──────── DATA PROVIDED ────────

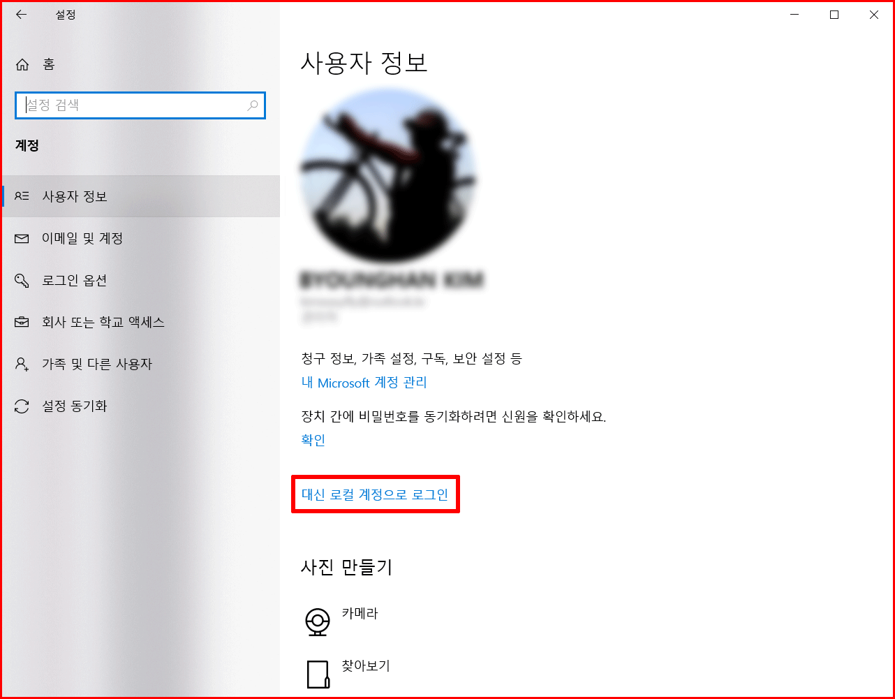 사용자 정보가 나옵니다. 자신의 마이크로소프트 계정과 프로필 아래에 '대신 로컬 계정으로 로그인' 항목이 있습니다. 이것을 선택하면 로컬 계정으로 전환이 가능합니다.
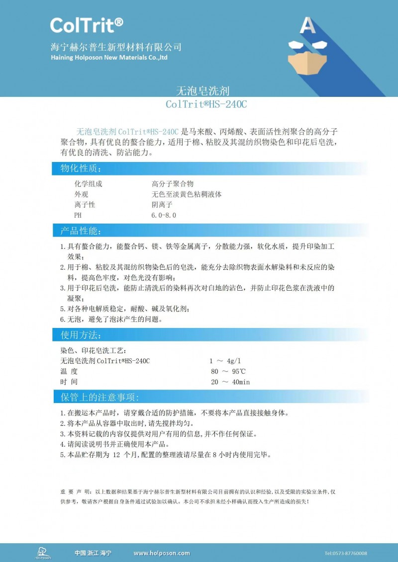 無泡皂洗劑ColTrit?HS-240C是馬來酸、丙烯酸、表面活性劑聚合的高分子聚合物,具有優異的螯合能力,適用于棉、粘膠及其混紡織物染色和印花后皂洗,有非常優異的清洗、防沾能力。
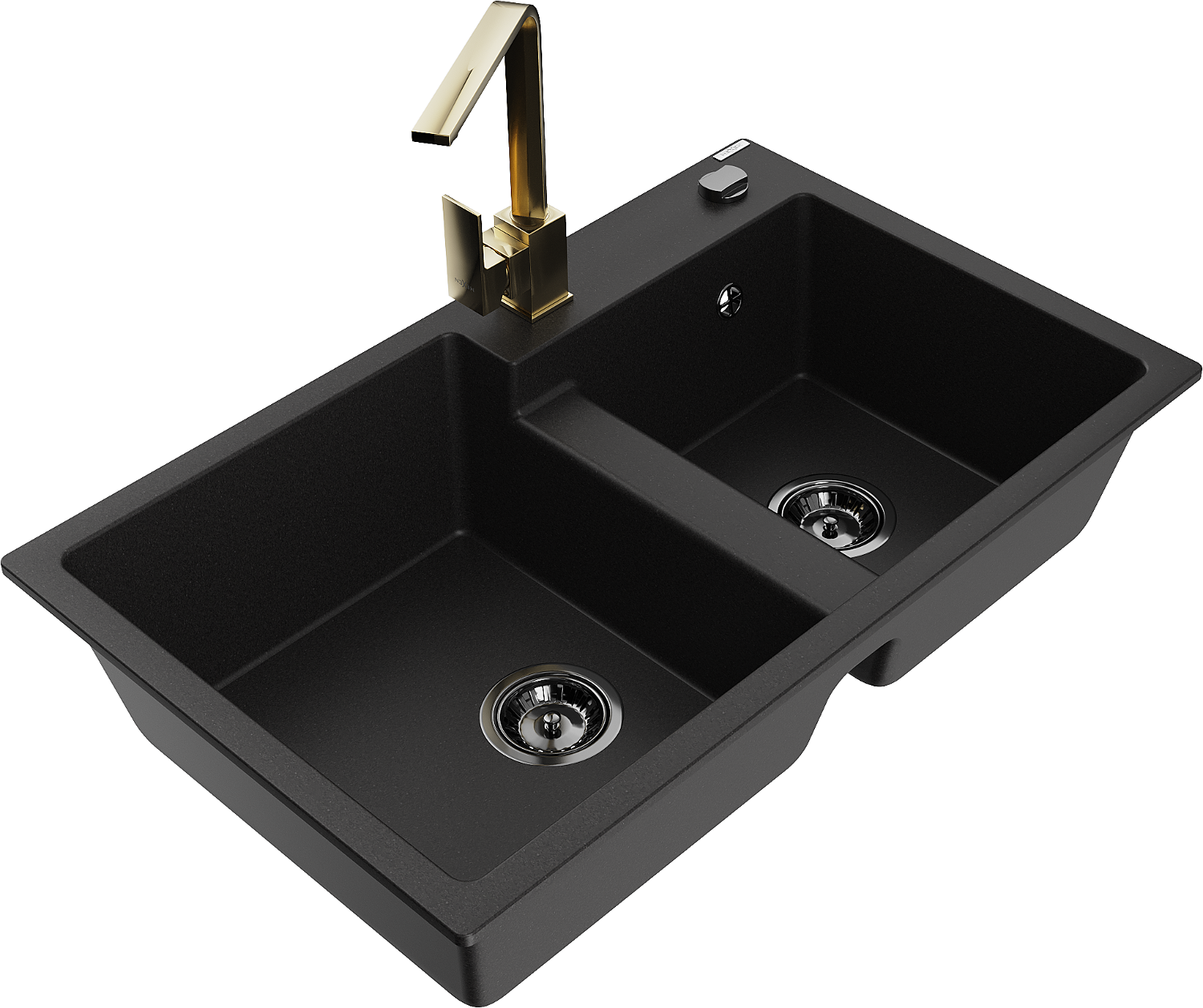 Mexen Tomas гранитна кухненска мивка с две корита и кухненски смесител Rita, черен - 6516-77-670300-50-B
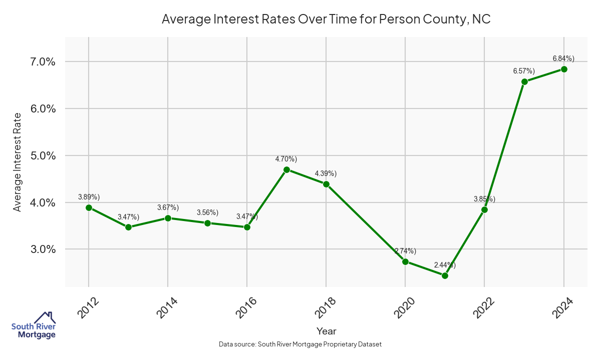 There are approximately 24 active reverse mortgage loans in Person County. The average interest rate in Person County is 6.94% for reverse mortgages. The average maximum claim amount (the lesser of the appraisal or lending limit), among reverse mortgage borrowers, in Person County was $405,000.00 in 2024.
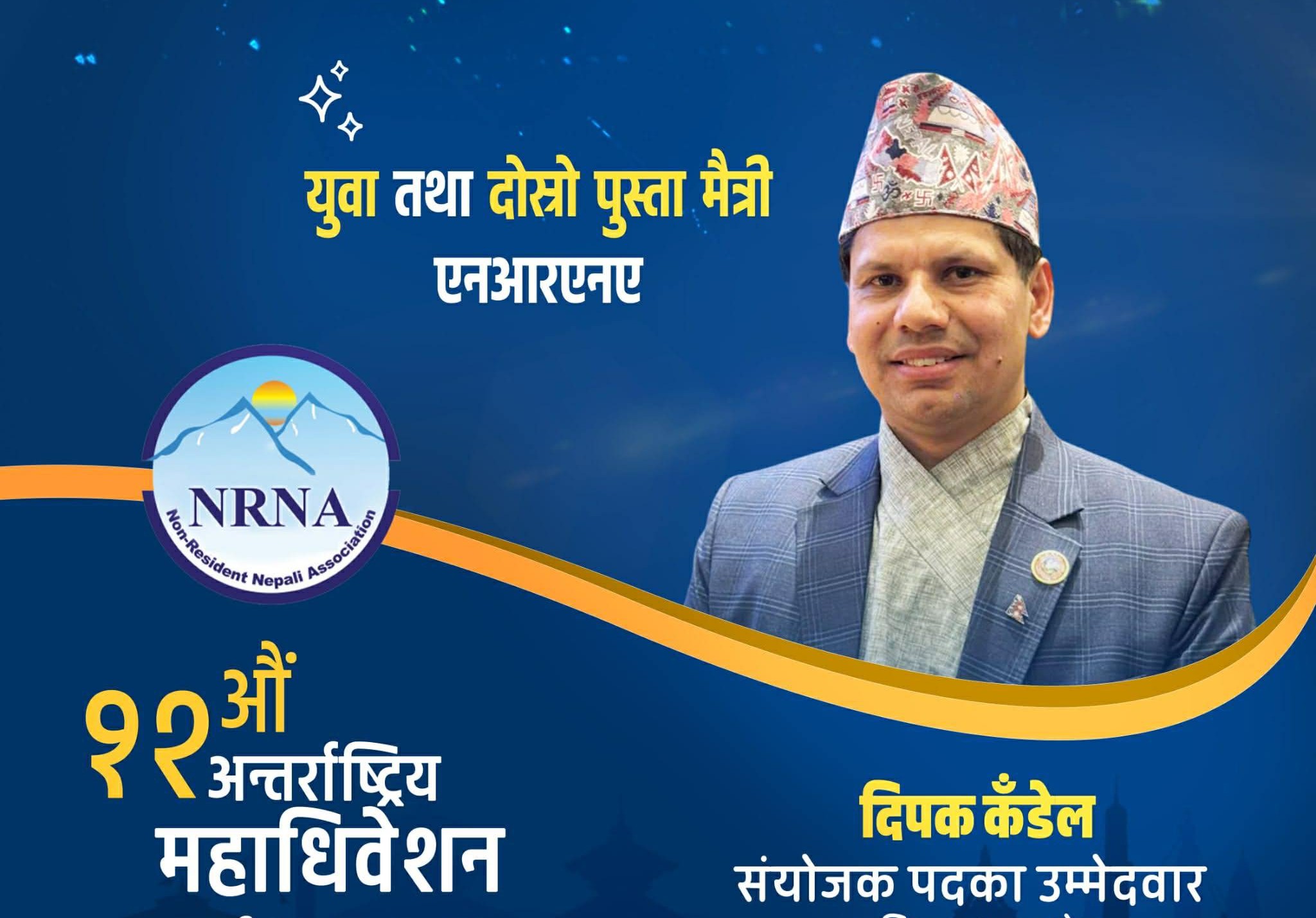 जापान । जापान । गैरआवासीय नेपाली संघ (NRNA) को १२औँ अन्तर्राष्ट्रिय महाधिवेशनमा एशिया प्रशान्त क्षेत्रीय संयोजक (RC) पदका जापानबाट दिपक कँडेलले उम्मेदवारी दिने घोषणा गरेका छन् ।
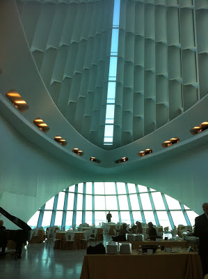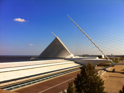 For those of you who haven’t been to the Milwaukee Art Museum, which sadly includes me, the building is architecturally fascinating. The War Memorial building was designed by Eero Saarinen in the 1950s and a postmodern addition by Santiago Calatrava was added in 2001. The addition features a movable sunshade whose wings open and close on a daily schedule. Here is an exterior picture taken by our curator, Judy Guston, when she went to supervise the installation of our paintings; you can find more images and information on the MAM website.
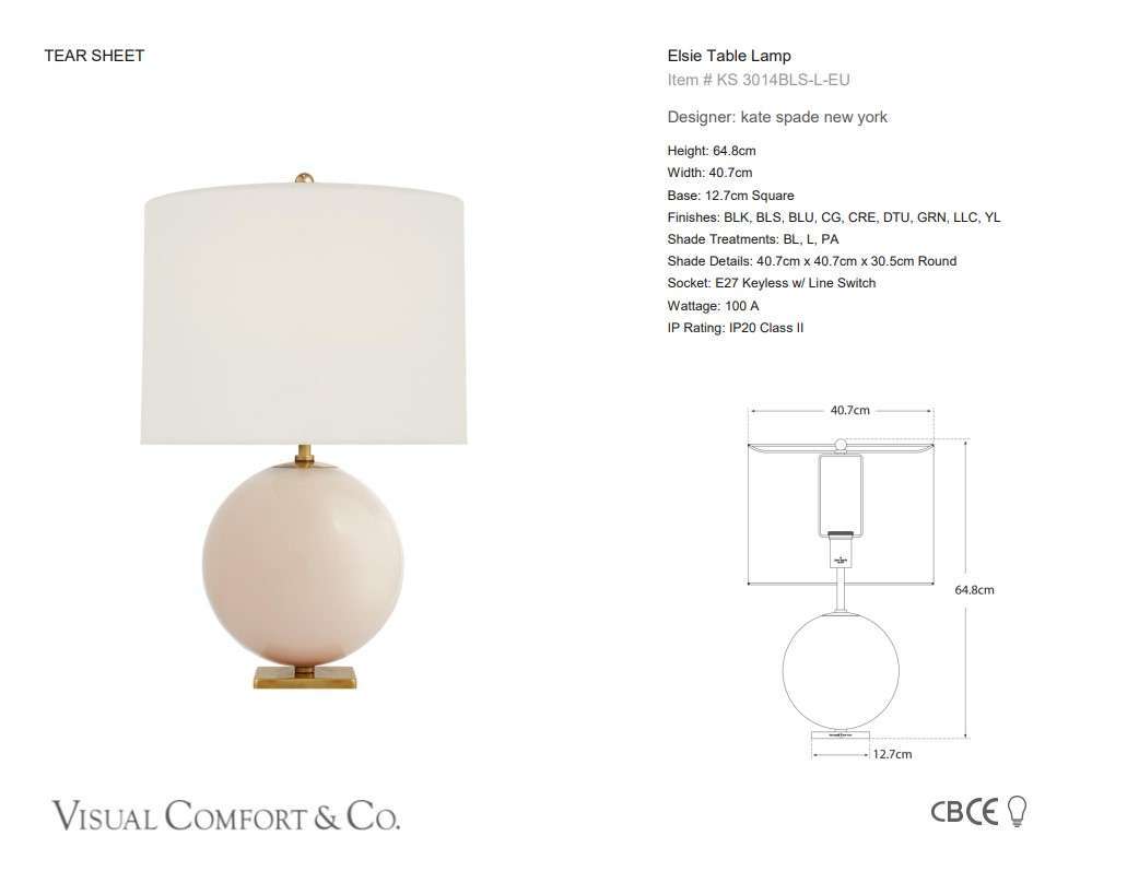 Discover the Elsie table lamp by Kate Spade for Visual Comfort, featuring a blush base & cream linen shade, crafted with premium finishes & timeless elegance.
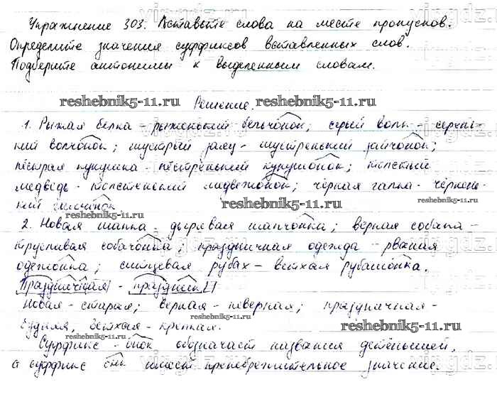 Готовая домашняя работа с ответами по Русскому языку за 6 класс Баранов, Ладыженская, Тростенцова, Григорян, Кулибаба Учебник Часть 1, 2 Просвещение 2015 ФГОС - Упражнения 303
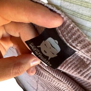 Cozy “Still Growing” thermal crew from mindful lifestyle brand Slightly Buddha. Features a soft pink waffle knit fabric with earthy tree graphic on the front and a relaxed, drop-shoulder dolman fit. One size fits most (ideal for Women's Small to XL / US sizes 0–16).
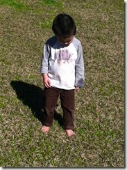 My cute boy – playing outside, barefoot! He was exploring the grass and following my voice in the last two pictures. I’m so proud of him.
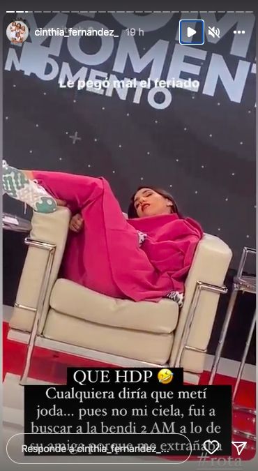 Ante las repercusiones de la imagen, Cinthia compartió el video y se lo tomó con humor. "Qué HDP. Cualquiera diría que metí joda… Pues no mi ciela, fui a buscar a la bendi a las 2 AM a lo de su amiga porque me extrañaba. Rota", expresó sobre los motivos que la llevaron a tomar un pequeño descanso durante un corte comercial.

────────

_WORK ORDER:_
Exclude the images and copy every record above exactly.

_THE COMPLETED TASK:_
 사용자 정보가 나옵니다. 자신의 마이크로소프트 계정과 프로필 아래에 '대신 로컬 계정으로 로그인' 항목이 있습니다. 이것을 선택하면 로컬 계정으로 전환이 가능합니다.
 無泡皂洗劑ColTrit?HS-240C是馬來酸、丙烯酸、表面活性劑聚合的高分子聚合物,具有優異的螯合能力,適用于棉、粘膠及其混紡織物染色和印花后皂洗,有非常優異的清洗、防沾能力。
 Mexen Tomas гранитна кухненска мивка с две корита и кухненски смесител Rita, черен - 6516-77-670300-50-B
 There are approximately 24 active reverse mortgage loans in Person County. The average interest rate in Person County is 6.94% for reverse mortgages. The average maximum claim amount (the lesser of the appraisal or lending limit), among reverse mortgage borrowers, in Person County was $405,000.00 in 2024.
 जापान । जापान । गैरआवासीय नेपाली संघ (NRNA) को १२औँ अन्तर्राष्ट्रिय महाधिवेशनमा एशिया प्रशान्त क्षेत्रीय संयोजक (RC) पदका जापानबाट दिपक कँडेलले उम्मेदवारी दिने घोषणा गरेका छन् ।
 For those of you who haven’t been to the Milwaukee Art Museum, which sadly includes me, the building is architecturally fascinating. The War Memorial building was designed by Eero Saarinen in the 1950s and a postmodern addition by Santiago Calatrava was added in 2001. The addition features a movable sunshade whose wings open and close on a daily schedule. Here is an exterior picture taken by our curator, Judy Guston, when she went to supervise the installation of our paintings; you can find more images and information on the MAM website.
 Discover the Elsie table lamp by Kate Spade for Visual Comfort, featuring a blush base & cream linen shade, crafted with premium finishes & timeless elegance.
 Готовая домашняя работа с ответами по Русскому языку за 6 класс Баранов, Ладыженская, Тростенцова, Григорян, Кулибаба Учебник Часть 1, 2 Просвещение 2015 ФГОС - Упражнения 303
 Cozy “Still Growing” thermal crew from mindful lifestyle brand Slightly Buddha. Features a soft pink waffle knit fabric with earthy tree graphic on the front and a relaxed, drop-shoulder dolman fit. One size fits most (ideal for Women's Small to XL / US sizes 0–16).
 My cute boy – playing outside, barefoot! He was exploring the grass and following my voice in the last two pictures. I’m so proud of him.
 Ante las repercusiones de la imagen, Cinthia compartió el video y se lo tomó con humor. "Qué HDP. Cualquiera diría que metí joda… Pues no mi ciela, fui a buscar a la bendi a las 2 AM a lo de su amiga porque me extrañaba. Rota", expresó sobre los motivos que la llevaron a tomar un pequeño descanso durante un corte comercial.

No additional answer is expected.